Pictures stay out; everything else in the listing below is to be restated word for word.

★ ★ ★ ★ ★ ★ ★

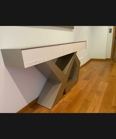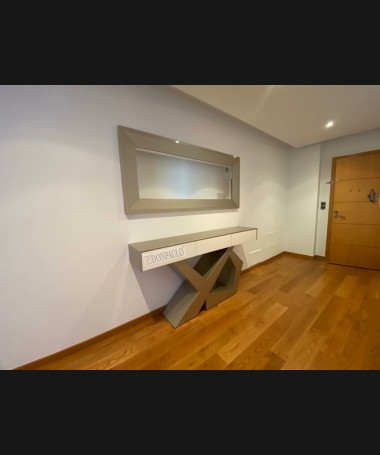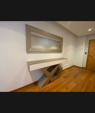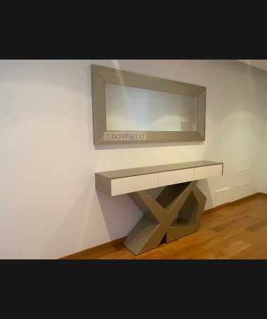 - Consola modelo TAP0035, de estilo moderno hecha a medida, en DM hidrófugo lacado en blanco y gris, con dos cajones; y espejo a juego
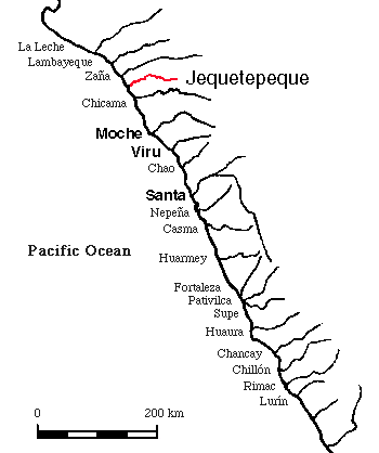 During the Formative Period, human settlements began to move inland (Moseley 1992). This pattern was reflected by archaeological surveys, which showed that Formative sites were located further inland as compared to the earlier Preceramic sites. The shift in settlement distribution probably resulted from greater reliance on cultivated plants and irrigation systems that operated most optimally in mid- or upper valley.Click on the Moche, Viru, Santa, or Jequetepeque valley to show more detailed settlement data.
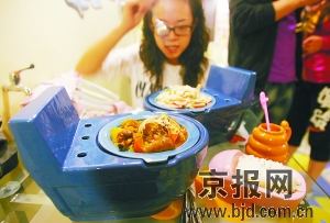 這家小店的創(chuàng)意來(lái)自國(guó)外。李女士表示,她從新聞上看到日本有“便便”餐廳后,立即對(duì)此產(chǎn)生了濃厚興趣,隨后開(kāi)始設(shè)計(jì)裝潢小店,并專(zhuān)門(mén)定制了全套“便式”餐具。作為京城第一家?guī)黝}餐廳,它受到了追逐潮流的年輕人的熱捧。李女士表示,現(xiàn)在每天客流都在百人以上。
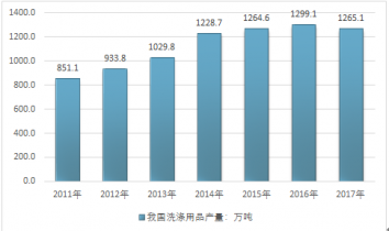 2011年我國洗滌用品產(chǎn)量為851.1萬噸,到2017年我國洗滌用品產(chǎn)量增長至1265.1萬噸。
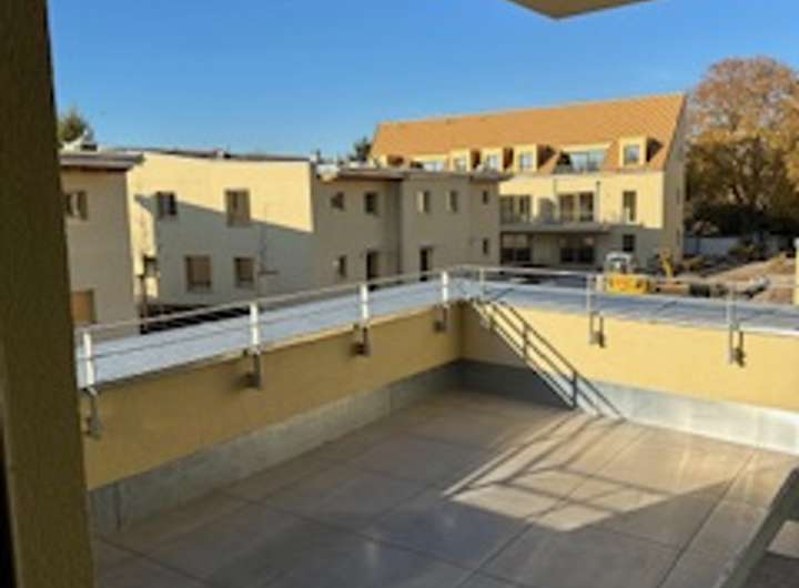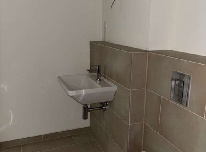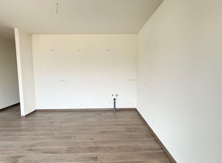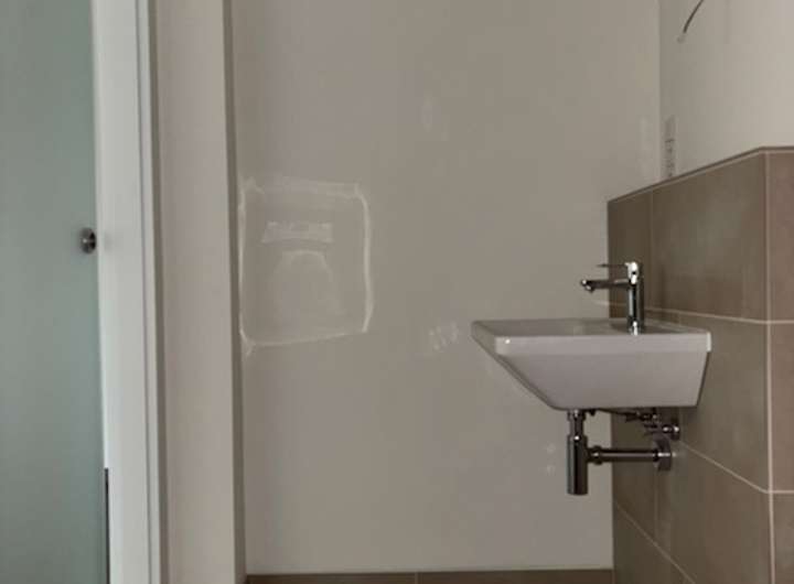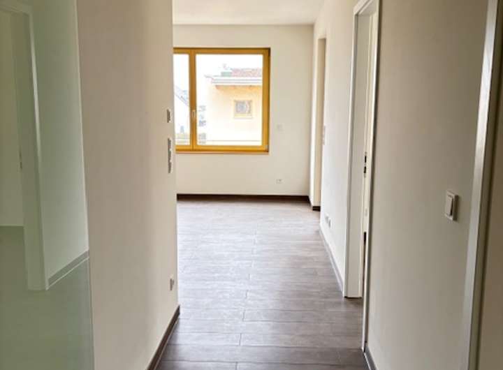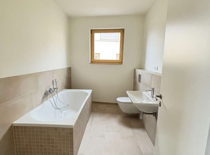 Hochwertigen Ausstattung der Wohnung mit großem Balkon, großzügigem Wohn- und Essbereich mit Anschlüssen für eine offenen Küche, Fußbodenheizung, Fliesenboden in Eichenparkett-Optik, Tageslicht-Bad mit Wanne und WC, ein zweites Bad mit bodengleicher Dusche und WC, HWR mit WM/Trockner-Anschluss, Fenster mit 3-fach Isolierverglasung und Belüftung sowie elektrischen Rollläden.
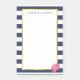 De här snygga anteckningarna har en fet marin blå och vit bakgrund i rand, faux guld gräns och en söt rosa i mjuka vattenfärger. Samordnar med våra Rand & Rosa Peony-kontorstillbehör, pappra produkter och tillbehör. Anpassa med namn eller den text du vill ha!

★ ★ ★ ★ ★ ★ ★

→ ANSWER BOX:
 - Consola modelo TAP0035, de estilo moderno hecha a medida, en DM hidrófugo lacado en blanco y gris, con dos cajones; y espejo a juego
 During the Formative Period, human settlements began to move inland (Moseley 1992). This pattern was reflected by archaeological surveys, which showed that Formative sites were located further inland as compared to the earlier Preceramic sites. The shift in settlement distribution probably resulted from greater reliance on cultivated plants and irrigation systems that operated most optimally in mid- or upper valley.Click on the Moche, Viru, Santa, or Jequetepeque valley to show more detailed settlement data.
 這家小店的創(chuàng)意來(lái)自國(guó)外。李女士表示,她從新聞上看到日本有“便便”餐廳后,立即對(duì)此產(chǎn)生了濃厚興趣,隨后開(kāi)始設(shè)計(jì)裝潢小店,并專(zhuān)門(mén)定制了全套“便式”餐具。作為京城第一家?guī)黝}餐廳,它受到了追逐潮流的年輕人的熱捧。李女士表示,現(xiàn)在每天客流都在百人以上。
 2011年我國洗滌用品產(chǎn)量為851.1萬噸,到2017年我國洗滌用品產(chǎn)量增長至1265.1萬噸。
 Hochwertigen Ausstattung der Wohnung mit großem Balkon, großzügigem Wohn- und Essbereich mit Anschlüssen für eine offenen Küche, Fußbodenheizung, Fliesenboden in Eichenparkett-Optik, Tageslicht-Bad mit Wanne und WC, ein zweites Bad mit bodengleicher Dusche und WC, HWR mit WM/Trockner-Anschluss, Fenster mit 3-fach Isolierverglasung und Belüftung sowie elektrischen Rollläden.
 De här snygga anteckningarna har en fet marin blå och vit bakgrund i rand, faux guld gräns och en söt rosa i mjuka vattenfärger. Samordnar med våra Rand & Rosa Peony-kontorstillbehör, pappra produkter och tillbehör. Anpassa med namn eller den text du vill ha!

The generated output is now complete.